Site of former Shareworld |
If there is any notion of landscape
that defines Johannesburg it is perhaps best described by the Afrikaans word
‘uitvalgrond’, which translates into English as ‘surplus ground’. Uitvalgrond was the word used to
describe the original triangular-shaped farm of Randjieslagte, which fell
between 3 larger farms and was selected as the site on which the city was
originally planned. The Transvaal Government didn’t think the mining town would
last very long and so this dusty, flat surplus ground had seemed sufficient. In
the current shape of the city, the idea of the surplus ground applies to those
areas that appear empty, falling between or alongside new developments, the
extensions of highways, shopping malls, parking lots and major intersections,
alongside railway lines between mine dumps and mine shafts no longer in
operation. These seemingly ‘natural’ interstices within the urban and sub-urban
fabric of the city are not necessarily unoccupied or unused, often the space is
the territory of informal traders or trash collectors and taxi yards, as well
as the city’s indigent and homeless, or simply a pathway cutting across it.
These areas extend along the railway line, underneath highway flyovers, or
between main roads and new shopping centres, often describing the edges of
greater Johannesburg. One example are the areas surrounding the Chinese trading
centres, China Mall, Afrifocus and Dragon City, built on the original Crown
Mines, where an aerial view reveals left-over mine structures behind the new
developments. Inside the city, however, different ‘edges’ become apparent –
between immigrant communities staking claim on streets, such as the
Ethiopian/Erritrean community in Jeppe Street; or between gentrified zones and
the territories adjacent to them, such as Arts on Main. In Johannesburg
‘surplus ground’s’ define the zones between the visible edges of the man-made
and what we might define as ‘landscape’. They are most legible from the
highway, and through the window of the Gautrain as it leaves Marlboro station
for the 15 minute ‘trip’ from Alexandra to Sandton.
Looking at the city from Google earth
reveals many zones of surplus ground, stranded spaces and abandoned sites that
speak of the city’s history and development not as monument or memorial but as
trace, tear or scar. In a sense we can think of these surplus grounds as
stranded historical sites, such as the old Village Main Mine alongside the M2
near to the Heidelberg off ramp where about two years ago the symbolic
head-gear was removed (possibly to be recycled).
Mining conveyor belt, Crown Mines area behind Afrifocus Mall |
Shareworld
“There’s no question that
Soweto is something of an recreational desert,” said Shareworld’s executive
director, Reuel Khosa (developer of shareworld complex). “This place came in as
an oasis.” (Los Angeles Times, 1988,
David Crary)
Built in the 1980’s as an entertainment
and water-world for Sowetans, Shareworld contained an ‘artificial sea, a 2000
foot sand beach and wave-making machines as well as a discotheque and cinema
complex.
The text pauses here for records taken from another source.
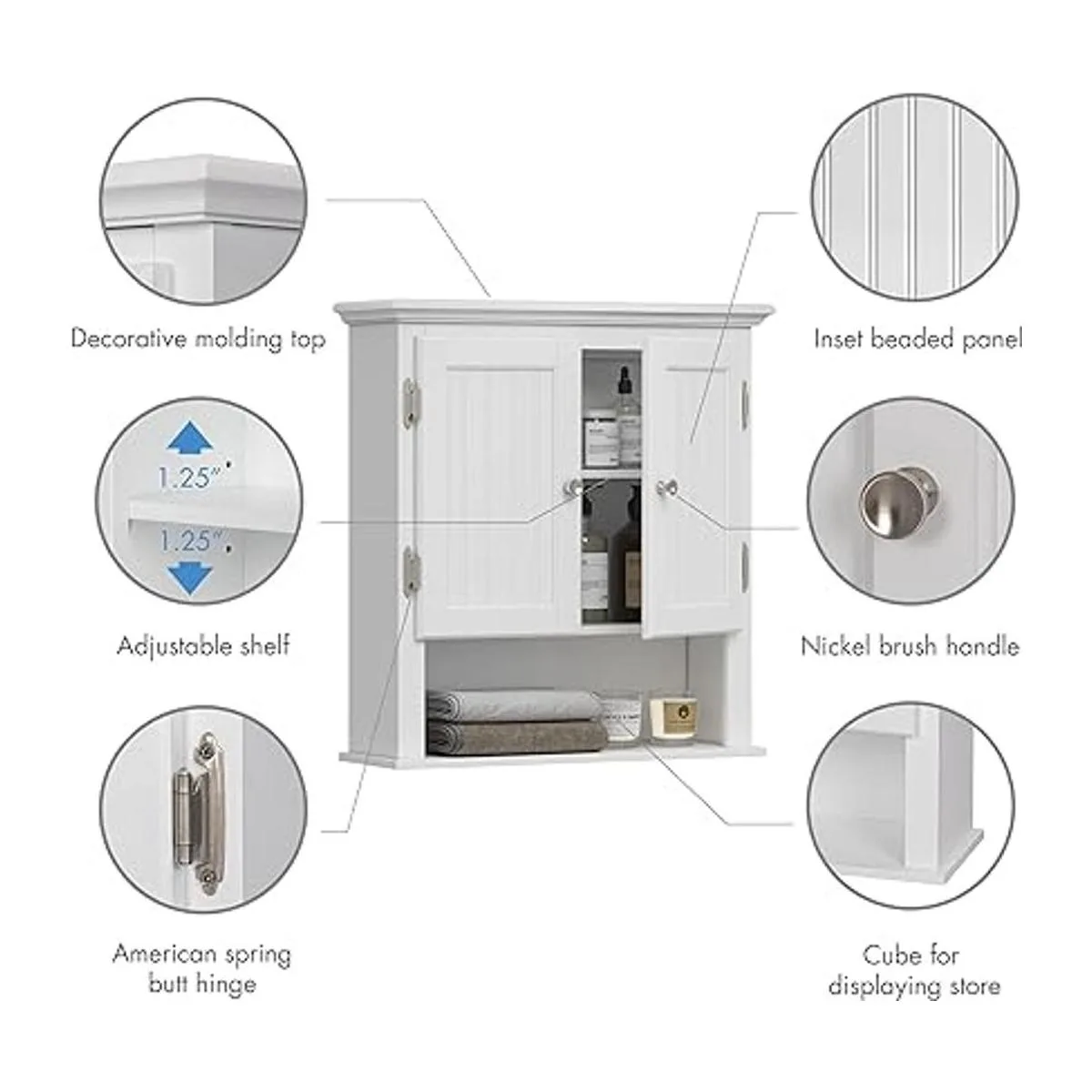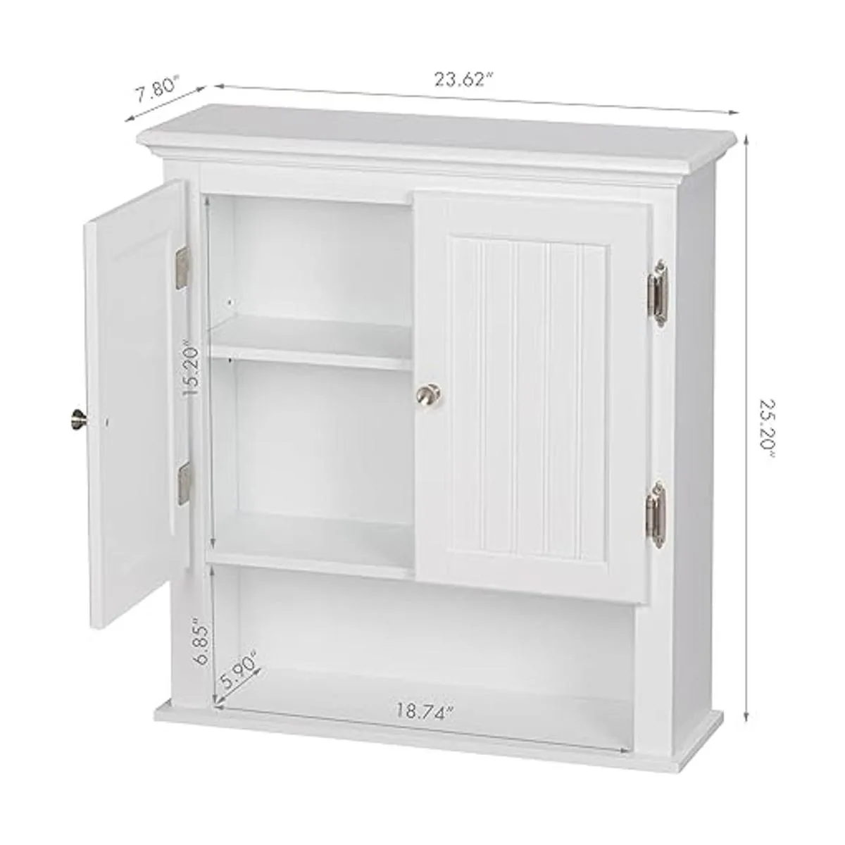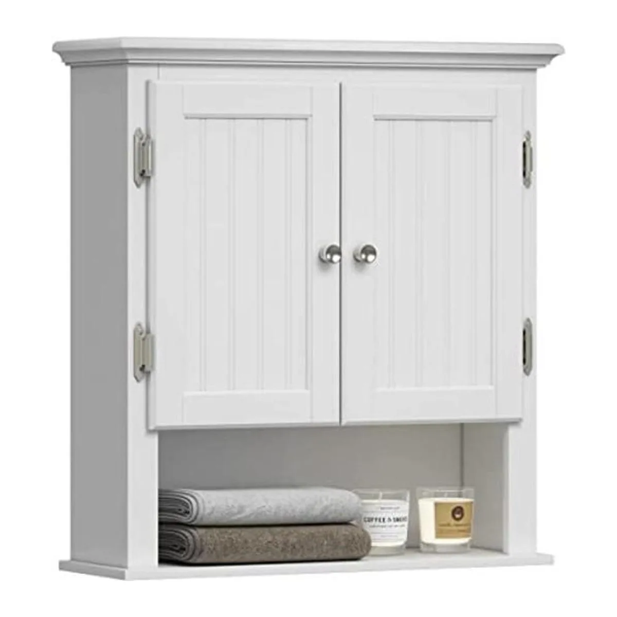 UTEX Armario de baño montado en la pared, gabinete colgante de madera, armarios de pared con puertas y estantes sobre el inodoro para baño, color blanco
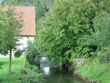 - de keermuren van de aanvoergeul zijn gedeeltelijk in hout; - waterrad (middenslagrad) weggenomen.
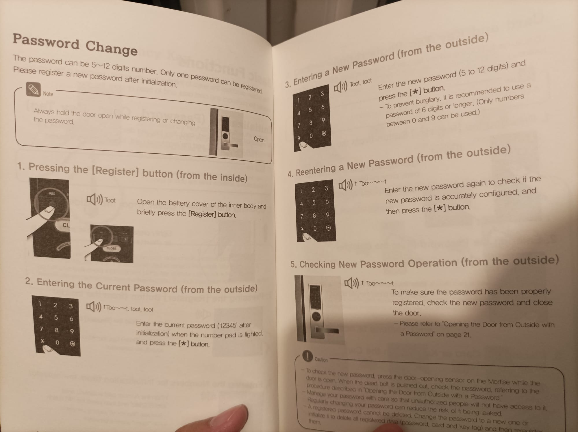 Instructions on how to change door code (Samsung lock) Press the button here , press current door code * , new door code * , new door code*
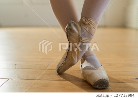 Worn ballet pointe shoes on feet in dance class. Well worn pointe shoes of ballet dancer. Classical ballerina woman in dance studio. Classical pointe shoes for dance training. Ballet school concept
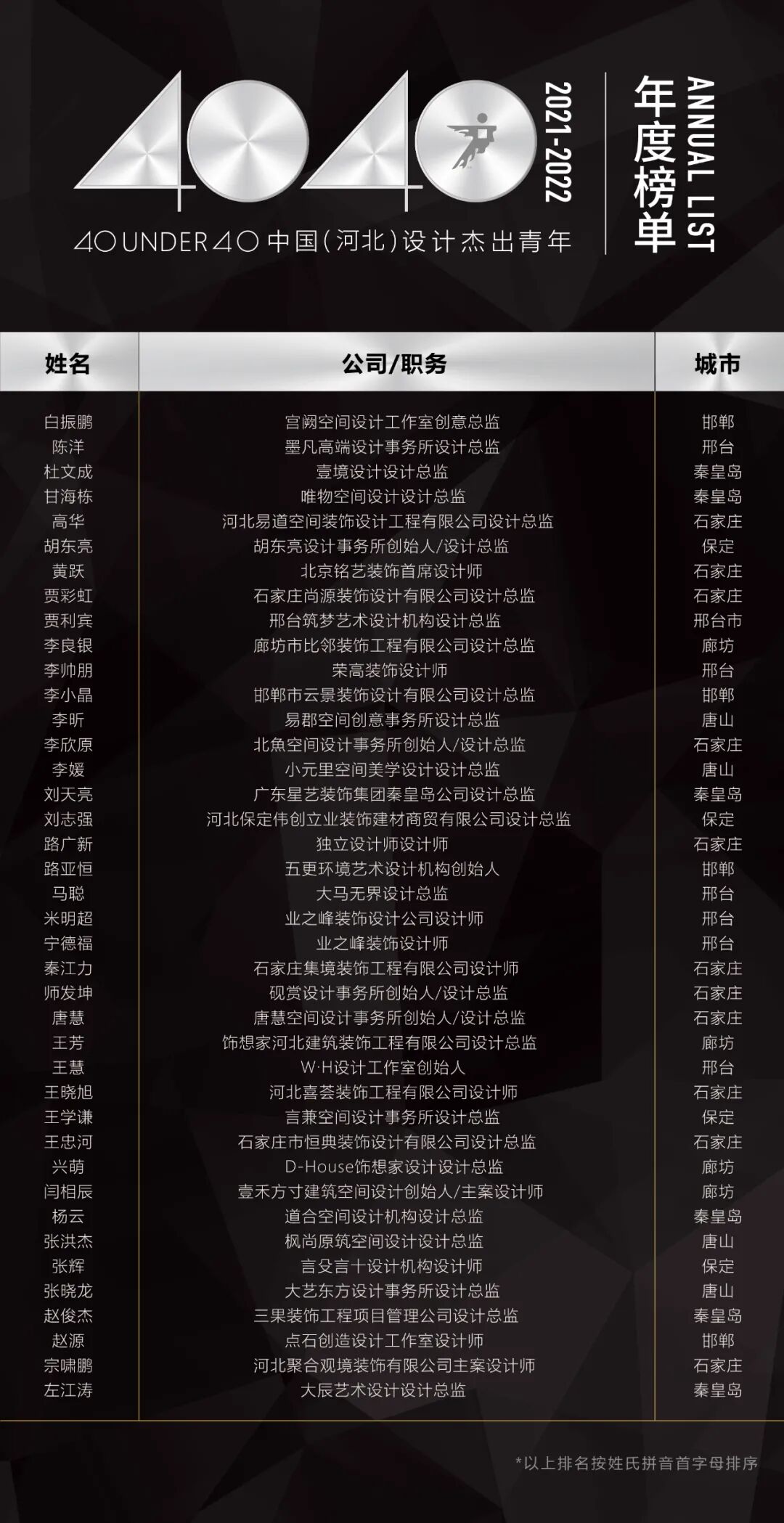 40 UNDER 40中国(河北)设计杰出青年(2021-2022)
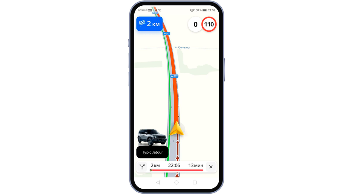 На главном экране Яндекс Навигатора можно увидеть кнопку для перехода на сайт проекта «Тур с Jetour». Здесь опубликованы полезные советы по путешествиям в различных регионах страны. Также пользователи сервиса могут установить в качестве курсора изображение новейшего внедорожника Jetour T2. Помимо этого на веб-версии Яндекс Карт есть промо-кнопка, а в пробке пользователи могут увидеть брендированный баннер Jetour.

Publicised as ‘a victory for all those South Africans who still
believe there is hope in South Africa’, the irony of the building of a beach
for black people during the political violence of the 1980’s cannot go
unmissed. Shareworld was closed since the mid-90’s, used only intermittently as
a venue for dance parties, film shoots and a meeting of the Landless People’s
forum during the World Summit for Sustainable Development in 2002. It became a
surreal ruin, resembling a Spanish fishing village located between the massive
mine dumps on the edge of Orlando West and Meadowlands, just off the road to
the National Exhibition show grounds, NASREC. It was demolished in the lead-up
to the 2010 World Cup and is now an empty site opposite the Soccer City
Stadium. Its only visible use are the driving schools that use the parking lot
as a practice ground.
View from a light aircraft, approaching Shareworld site from Soweto |
Shareworld has become an ‘uitvalgrond’,
located at the intersection of several trajectories in the history of the
city’s development: apartheid planning’s separation of amenities; the mining
history visible in the two tailings dams (mine dumps) that dominate the
landscape and recent large-scale, event driven development around the soccer
world cup, including up-grade of the approach roads and the Bus Rapid Transit
system.
What is legible at the this site is the
particular relationship between a nature that is man-made, in excess of the
urban, defined more by the sub-urban and perhaps even the subterranean.[i]
Bettina
Malcomess lectures in theory and history at the Wits School of Arts and
the School of Architecture. She works as an artist and writer, and is currently
completing a book about Johannesburg with Dorothee Kreutzfeldt titled, ‘Not No
Place’, to be published by Jacana Media.
[i] This text accompanies a short tour of the site with Anne Historical,
along with an installation of elements of the Millennium Bar, a temporary,
movable ‘bar’ built out of material from demolition sites and scrap yards.